Most of the news items on PNRR allocation frankly lack this "grand design"- seem to be focused on a national balance of power, e.g. the above mentioned complaint about the "not enough" element.

Not enough for what? And I am not talking about a shopping list of items- I am referring about the overall puzzle composed by those elements.

Should it be a local, i.e. Turin, puzzle? Or a regional, i.e. Piedmont, puzzle? Or a national puzzle (which, incidentally, is what PNRR stands for- National Recovery and Resilience Plan)?

Actually, even the national dimension is not enough: as the national recovery and resilience plans for each of the 27 EU Member States imply something more.

Just piling up a shopping list to calm down all the countless tribes around the country does not generate a plan for national resilience.

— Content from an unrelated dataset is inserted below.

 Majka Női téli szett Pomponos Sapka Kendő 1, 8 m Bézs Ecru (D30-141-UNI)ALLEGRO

On Saturday February 5th, the Italian business newspaper "Il Sole 24 Ore" reported that there are 350 board-level roles that soon will need to be filled by the Government- you can read here on the website of the ADN Kronos news agency.

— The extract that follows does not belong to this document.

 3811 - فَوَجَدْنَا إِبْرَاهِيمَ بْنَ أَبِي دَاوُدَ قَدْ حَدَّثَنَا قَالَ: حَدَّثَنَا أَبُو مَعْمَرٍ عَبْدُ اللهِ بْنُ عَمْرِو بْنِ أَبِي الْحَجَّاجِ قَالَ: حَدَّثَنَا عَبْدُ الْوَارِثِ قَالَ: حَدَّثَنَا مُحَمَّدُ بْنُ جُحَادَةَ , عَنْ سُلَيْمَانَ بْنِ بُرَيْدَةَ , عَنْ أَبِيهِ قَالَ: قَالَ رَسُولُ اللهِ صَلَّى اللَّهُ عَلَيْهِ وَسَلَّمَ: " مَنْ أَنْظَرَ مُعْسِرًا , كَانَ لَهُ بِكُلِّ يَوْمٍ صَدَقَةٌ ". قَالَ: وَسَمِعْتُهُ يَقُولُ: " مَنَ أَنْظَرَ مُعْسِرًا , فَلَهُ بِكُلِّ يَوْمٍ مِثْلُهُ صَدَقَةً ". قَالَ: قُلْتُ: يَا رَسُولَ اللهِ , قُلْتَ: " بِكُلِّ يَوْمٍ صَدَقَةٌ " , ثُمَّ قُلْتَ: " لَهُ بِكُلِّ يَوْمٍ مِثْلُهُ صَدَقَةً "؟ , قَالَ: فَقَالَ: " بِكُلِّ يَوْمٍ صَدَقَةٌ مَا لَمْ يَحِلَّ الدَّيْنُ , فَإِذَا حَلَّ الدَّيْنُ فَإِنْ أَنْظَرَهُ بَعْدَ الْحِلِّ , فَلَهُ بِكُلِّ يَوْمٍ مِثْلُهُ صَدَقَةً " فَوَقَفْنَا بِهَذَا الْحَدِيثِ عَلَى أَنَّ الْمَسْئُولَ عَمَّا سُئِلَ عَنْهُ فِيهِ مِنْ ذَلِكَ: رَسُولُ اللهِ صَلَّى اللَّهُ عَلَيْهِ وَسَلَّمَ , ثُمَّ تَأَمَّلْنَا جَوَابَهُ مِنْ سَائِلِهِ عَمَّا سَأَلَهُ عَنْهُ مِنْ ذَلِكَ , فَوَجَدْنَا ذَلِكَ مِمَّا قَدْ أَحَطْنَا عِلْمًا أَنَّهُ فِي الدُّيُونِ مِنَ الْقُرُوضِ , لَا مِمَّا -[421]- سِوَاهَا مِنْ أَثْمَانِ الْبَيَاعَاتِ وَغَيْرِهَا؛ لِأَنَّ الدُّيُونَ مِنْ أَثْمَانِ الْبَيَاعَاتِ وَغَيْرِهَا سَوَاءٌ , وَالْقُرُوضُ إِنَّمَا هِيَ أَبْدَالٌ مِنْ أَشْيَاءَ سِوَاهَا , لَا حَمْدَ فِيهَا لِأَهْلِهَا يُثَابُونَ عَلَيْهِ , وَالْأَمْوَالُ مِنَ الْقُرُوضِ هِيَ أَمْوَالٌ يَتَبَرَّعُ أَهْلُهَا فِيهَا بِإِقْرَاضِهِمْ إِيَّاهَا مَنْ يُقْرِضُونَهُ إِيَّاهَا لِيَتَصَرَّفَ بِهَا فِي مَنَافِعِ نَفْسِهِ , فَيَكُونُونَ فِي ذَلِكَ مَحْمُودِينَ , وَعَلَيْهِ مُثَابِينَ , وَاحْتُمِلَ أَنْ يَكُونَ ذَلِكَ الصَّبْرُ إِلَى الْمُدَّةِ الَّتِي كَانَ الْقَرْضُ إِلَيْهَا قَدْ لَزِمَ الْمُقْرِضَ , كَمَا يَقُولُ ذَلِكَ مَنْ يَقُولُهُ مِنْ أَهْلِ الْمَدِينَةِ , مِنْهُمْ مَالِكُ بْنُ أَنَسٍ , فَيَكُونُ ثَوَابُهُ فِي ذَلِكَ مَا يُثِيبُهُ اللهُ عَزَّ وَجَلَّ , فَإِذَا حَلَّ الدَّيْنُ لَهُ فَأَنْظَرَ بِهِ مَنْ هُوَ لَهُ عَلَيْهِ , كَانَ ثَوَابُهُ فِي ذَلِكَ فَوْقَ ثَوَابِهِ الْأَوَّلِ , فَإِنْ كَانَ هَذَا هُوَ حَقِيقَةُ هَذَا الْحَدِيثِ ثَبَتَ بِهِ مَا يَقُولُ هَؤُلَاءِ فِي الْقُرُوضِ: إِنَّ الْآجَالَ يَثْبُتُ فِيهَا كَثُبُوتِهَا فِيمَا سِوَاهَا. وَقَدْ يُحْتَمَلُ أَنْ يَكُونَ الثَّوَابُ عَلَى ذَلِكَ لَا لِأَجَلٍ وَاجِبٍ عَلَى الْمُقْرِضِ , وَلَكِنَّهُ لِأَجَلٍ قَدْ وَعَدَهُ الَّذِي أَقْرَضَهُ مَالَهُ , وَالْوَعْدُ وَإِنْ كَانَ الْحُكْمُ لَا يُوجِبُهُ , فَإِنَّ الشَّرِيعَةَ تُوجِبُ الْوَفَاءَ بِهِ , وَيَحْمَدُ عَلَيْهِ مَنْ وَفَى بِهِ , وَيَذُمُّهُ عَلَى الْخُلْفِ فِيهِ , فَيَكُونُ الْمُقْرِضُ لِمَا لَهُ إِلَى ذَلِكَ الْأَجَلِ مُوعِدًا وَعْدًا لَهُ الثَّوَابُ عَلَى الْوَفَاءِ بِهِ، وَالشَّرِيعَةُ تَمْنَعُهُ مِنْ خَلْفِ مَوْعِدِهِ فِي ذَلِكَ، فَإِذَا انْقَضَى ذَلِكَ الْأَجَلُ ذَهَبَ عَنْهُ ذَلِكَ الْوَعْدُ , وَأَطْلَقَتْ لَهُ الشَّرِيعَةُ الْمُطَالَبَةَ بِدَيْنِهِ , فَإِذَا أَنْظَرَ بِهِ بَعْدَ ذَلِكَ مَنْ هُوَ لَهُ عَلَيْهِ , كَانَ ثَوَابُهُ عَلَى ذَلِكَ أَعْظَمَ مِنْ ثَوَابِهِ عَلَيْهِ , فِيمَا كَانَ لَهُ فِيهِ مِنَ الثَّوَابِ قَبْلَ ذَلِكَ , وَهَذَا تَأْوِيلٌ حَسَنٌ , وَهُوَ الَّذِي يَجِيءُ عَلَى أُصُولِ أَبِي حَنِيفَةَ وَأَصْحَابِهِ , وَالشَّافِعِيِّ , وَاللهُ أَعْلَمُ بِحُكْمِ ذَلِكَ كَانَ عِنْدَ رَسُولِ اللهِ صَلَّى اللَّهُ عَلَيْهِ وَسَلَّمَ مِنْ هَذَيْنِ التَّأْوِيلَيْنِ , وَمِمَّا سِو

Generally, this is in Italy implies a partitioning between tribes.

Do not worry: I do not belong to any tribe and, anyway, recently asked to the Ministry of Foreign Affairs an update on the informal advice I was given in 2009 on how to renounce Italian citizenship, and was provided a link to the Ministero dell'Interno.

It could be interesting for some of my readers, as mainly provides advice on how to obtain Italian citizenship, also if my interest was more limited to a specific section (you can see the post on Facebook where I shared the information).

While I will still be here, I will just be a "resident analyst": there is plenty of quixotic material worth filling books about.

Oh, incidentally- I have been filling those book with my posts and articles since 2012 (and also some books): so, the train left the station long ago, hence I am not trying to "sell" anything- I might just eventually convert into something more organic what you read on this website.

I prefer to comment whatever the tribe involved, if the analysis is the same.

And now that I removed from the table the potential "personal conflicts of interests", I can refocus on the point discussed in the previous article: healing.

Healing and getting beyond the "specialist" trap

Yesterday morning went around for my Sunday morning walk.

I might have a "spring" attached to my back that brings me back to Turin since when, in 1997, first relocated abroad.

The first "call back" project in 1998 was actually in Parma, then few times in Turin and eventually Rome.

While I have to be based in Turin for my current mission, I try at least to benefit from the opportunity of a walkable city.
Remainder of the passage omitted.